- **Task item**:
When a record contains an image, skip the image and retype the rest of that record exactly.

- **Records supplied**:

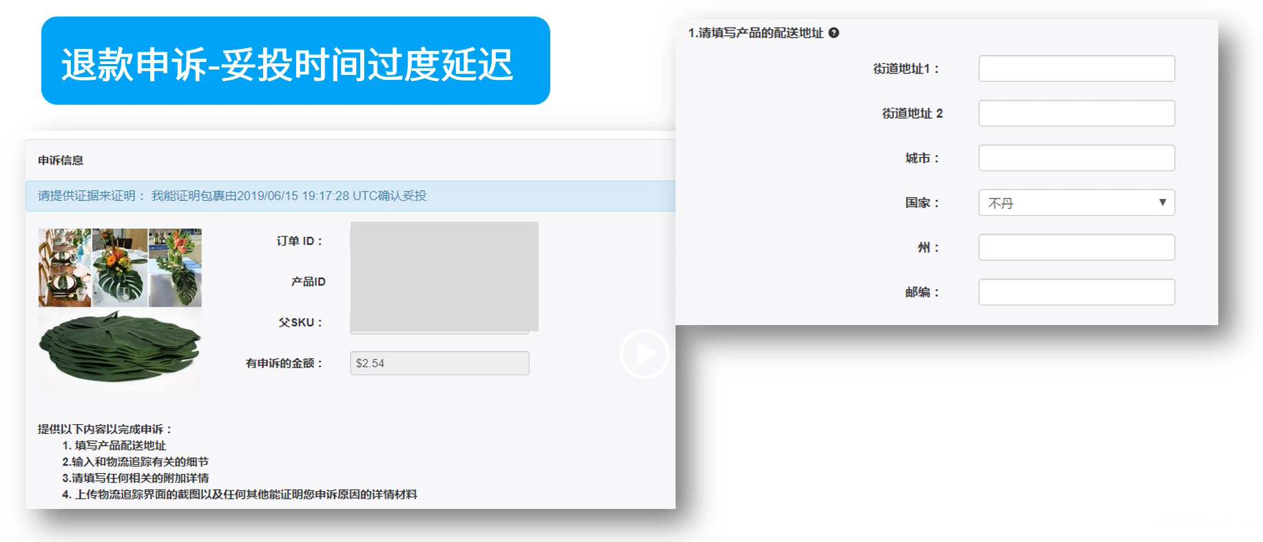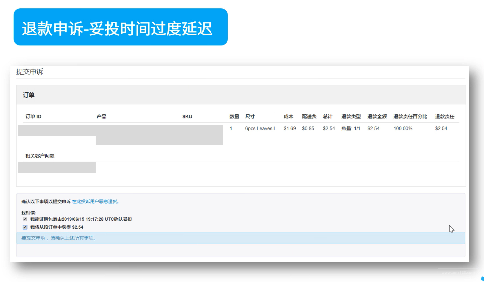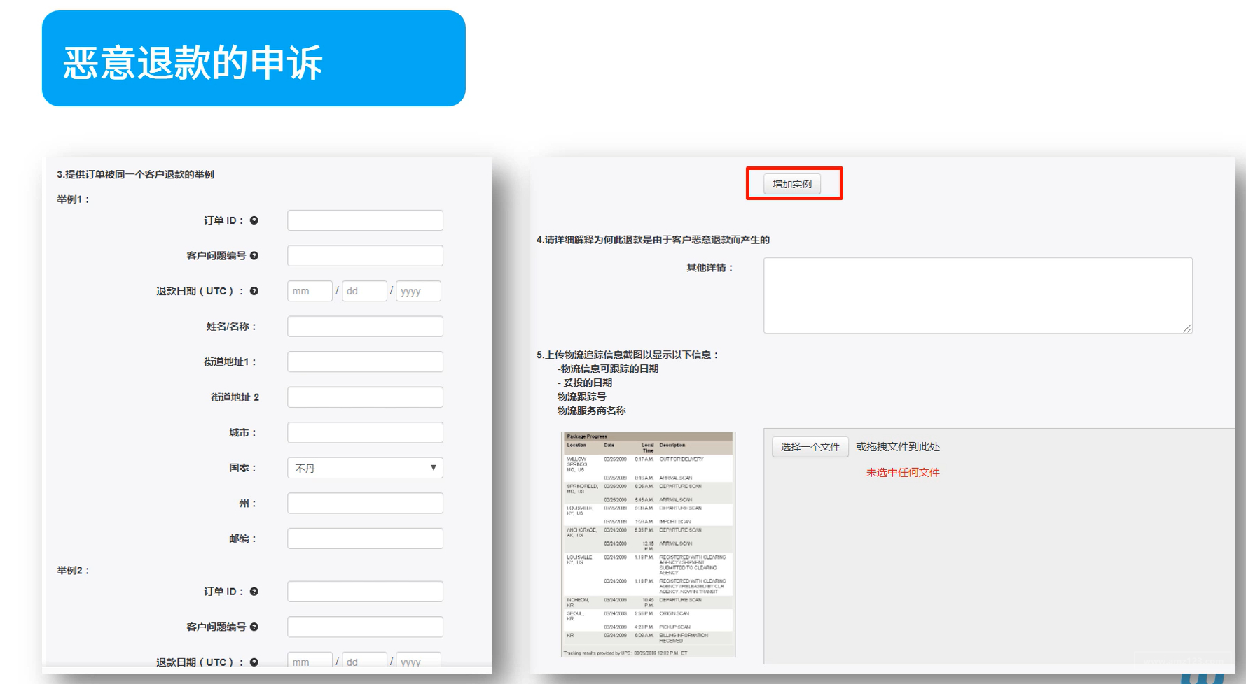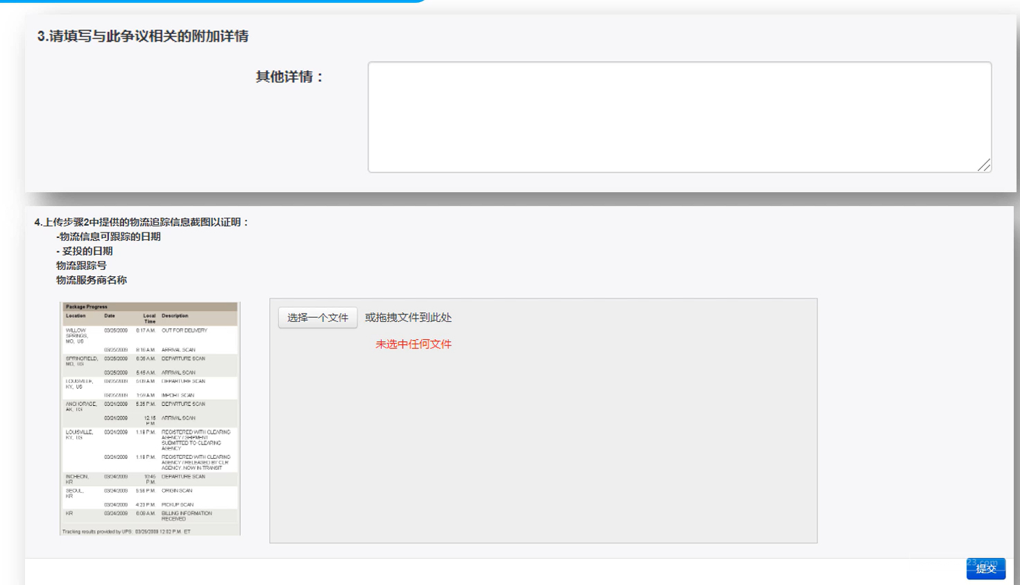 4、填写与此争议相关的附加详情,并上传步骤2中提供的物流追踪信息以证明妥投时间未过度延迟。
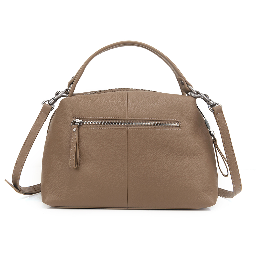 Ladies Medium bucket bag/ wristlet bag. Top zipper closure with extra wide opening for easy access. Top loop handle with extra detachable shoulder strap for crossbody carry. Made with genuine soft- smooth leather. Dimension 11.5in x 5in x 8in
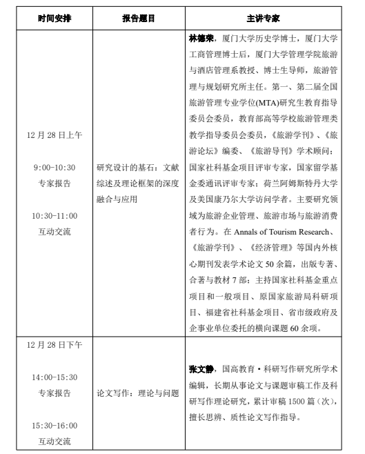 (一)指导参会人员把握旅游管理领域发展的最新趋势和转向,培养问题意识,提升在选题、文献综述等方面的精准度和专业性。
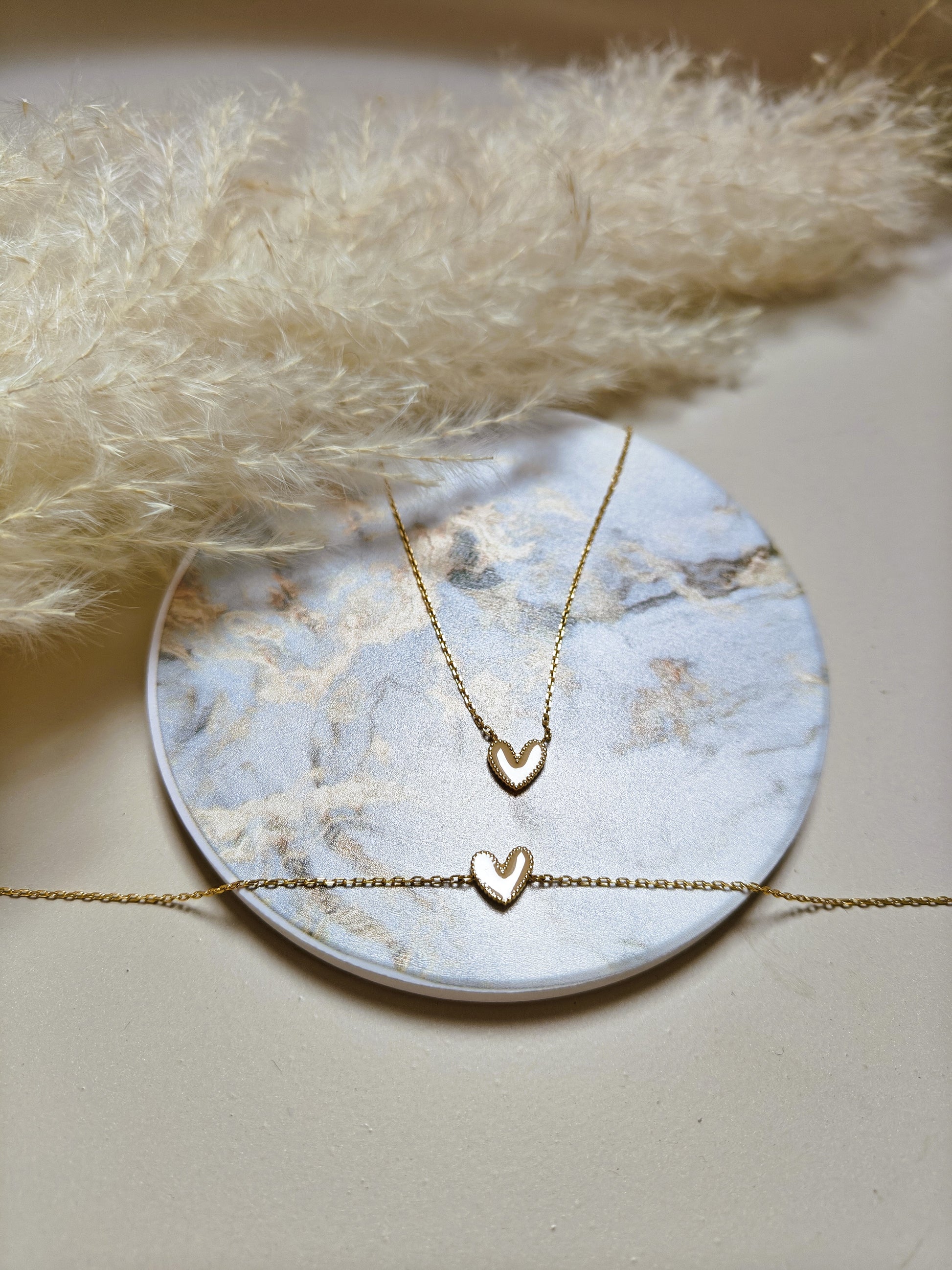 Collier raffiné en acier inoxydable doré, orné d’un charm en forme de cœur et d’un lien beige délicat. Un bijou subtil et élégant, parfait pour ajouter une touche de tendresse à votre quotidien.
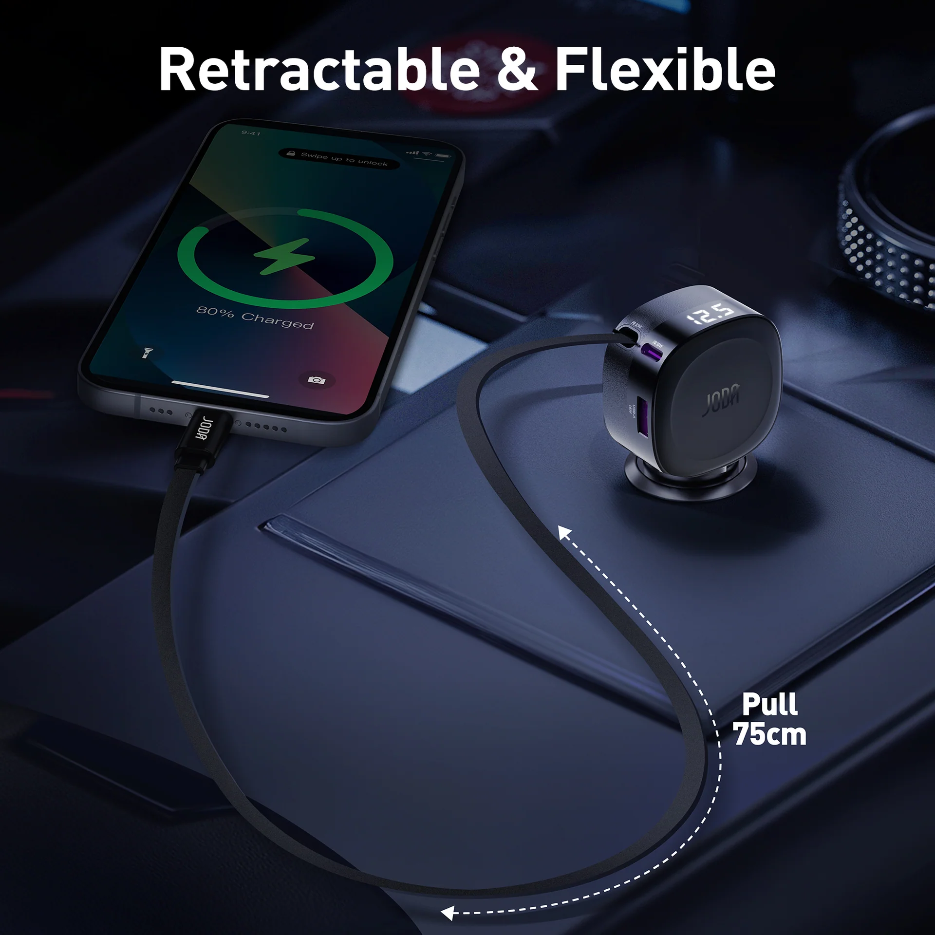لا تدع بطارية هاتفك تنفد أثناء القيادة! احصل الآن على جودا أفضل شاحن سريع للسيارة بقدرة 60 واط وكيبل مدمج قابل للسحب لاستخدام سهل ومنظم وبدون زحمة أسلاك. اطلبه اليوم من الدهماني للاتصالات قبل نفاد الكمية!
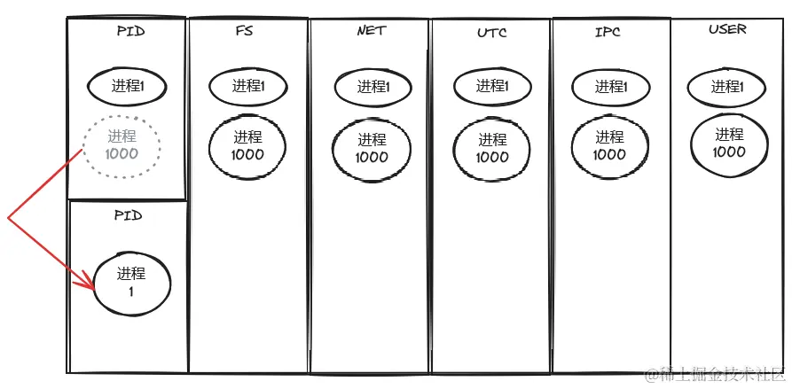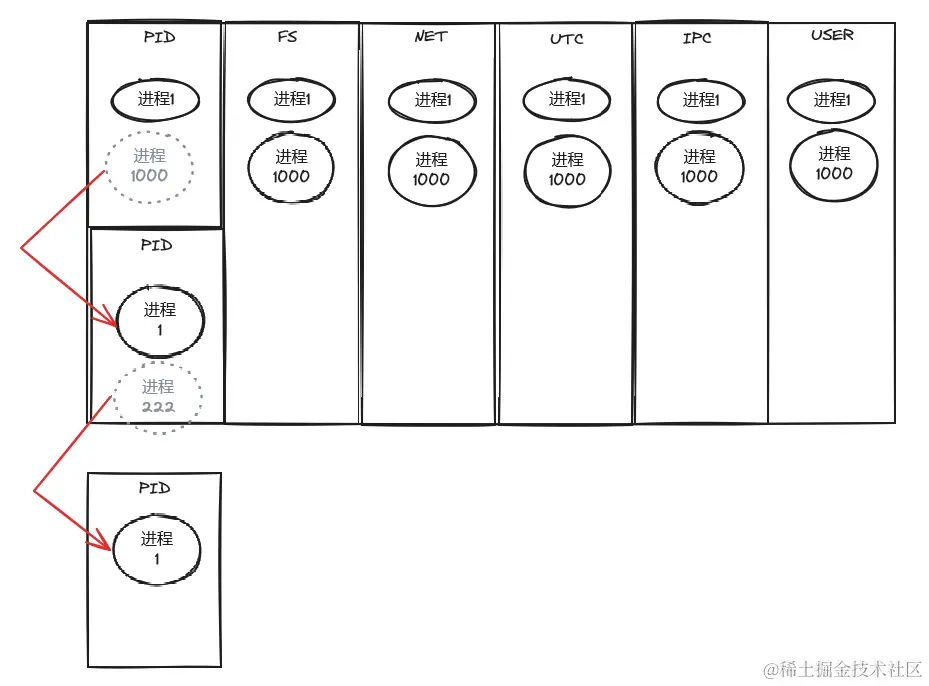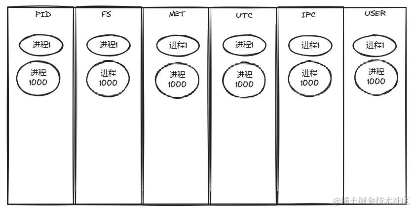 Linux namespace差不多就是这种感觉,如果你没有给进程创建新的namespace的时候,所有的进程都在默认的namespace中
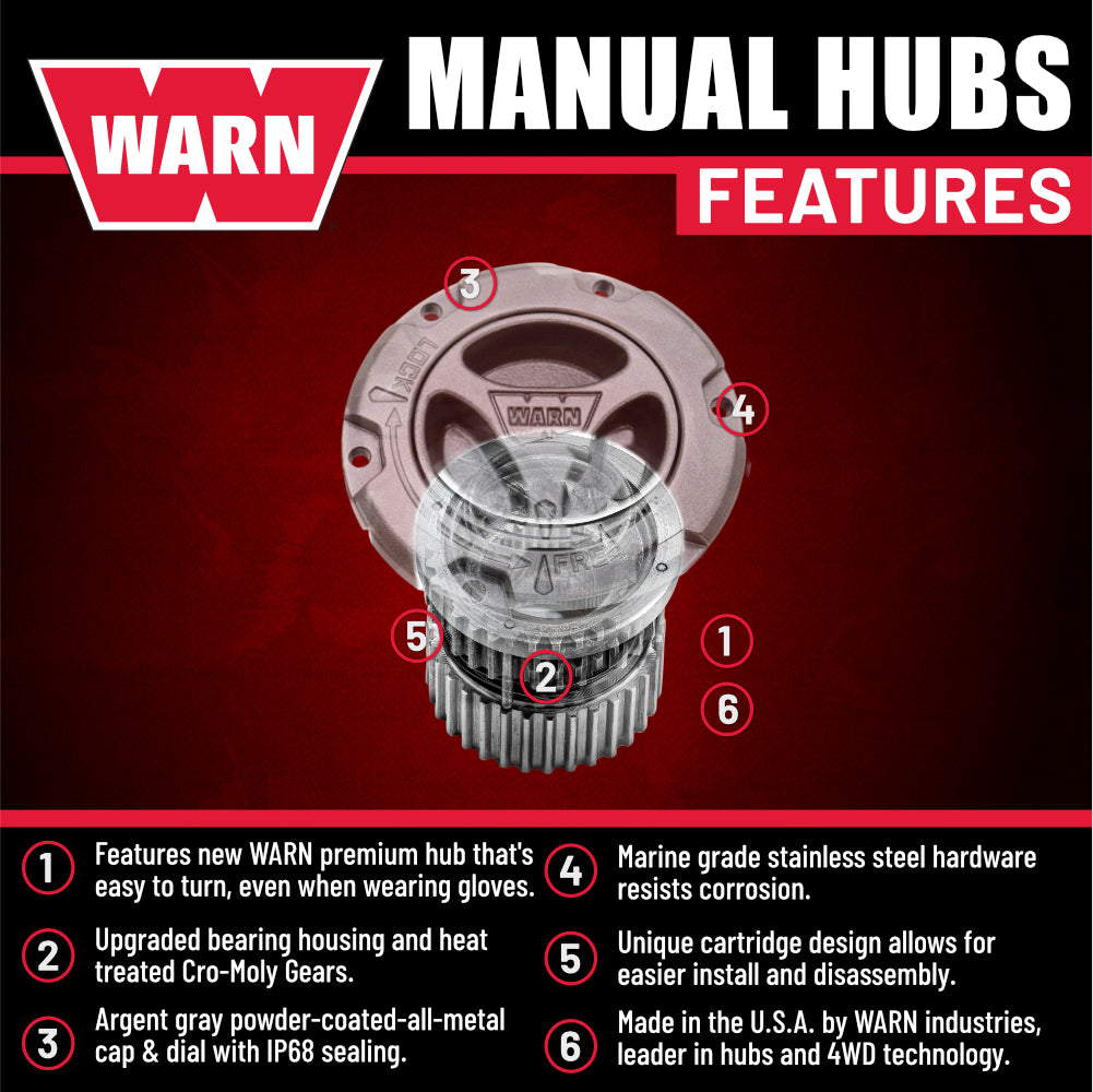 WARN 108325 Premium Manual Locking Hubs for 2005–2026 Ford Super Duty F‑250, F‑350, F‑450, and F‑550 – 35‑Spline, Heavy‑Duty Manual Hubs, Set of 2 (Argent Gray)

- **Your solution**:
 4、填写与此争议相关的附加详情,并上传步骤2中提供的物流追踪信息以证明妥投时间未过度延迟。
 Ladies Medium bucket bag/ wristlet bag. Top zipper closure with extra wide opening for easy access. Top loop handle with extra detachable shoulder strap for crossbody carry. Made with genuine soft- smooth leather. Dimension 11.5in x 5in x 8in
 (一)指导参会人员把握旅游管理领域发展的最新趋势和转向,培养问题意识,提升在选题、文献综述等方面的精准度和专业性。
 Collier raffiné en acier inoxydable doré, orné d’un charm en forme de cœur et d’un lien beige délicat. Un bijou subtil et élégant, parfait pour ajouter une touche de tendresse à votre quotidien.
لا تدع بطارية هاتفك تنفد أثناء القيادة! احصل الآن على جودا أفضل شاحن سريع للسيارة بقدرة 60 واط وكيبل مدمج قابل للسحب لاستخدام سهل ومنظم وبدون زحمة أسلاك. اطلبه اليوم من الدهماني للاتصالات قبل نفاد الكمية!
 Linux namespace差不多就是这种感觉,如果你没有给进程创建新的namespace的时候,所有的进程都在默认的namespace中
 WARN 108325 Premium Manual Locking Hubs for 2005–2026 Ford Super Duty F‑250, F‑350, F‑450, and F‑550 – 35‑Spline, Heavy‑Duty Manual Hubs, Set of 2 (Argent Gray)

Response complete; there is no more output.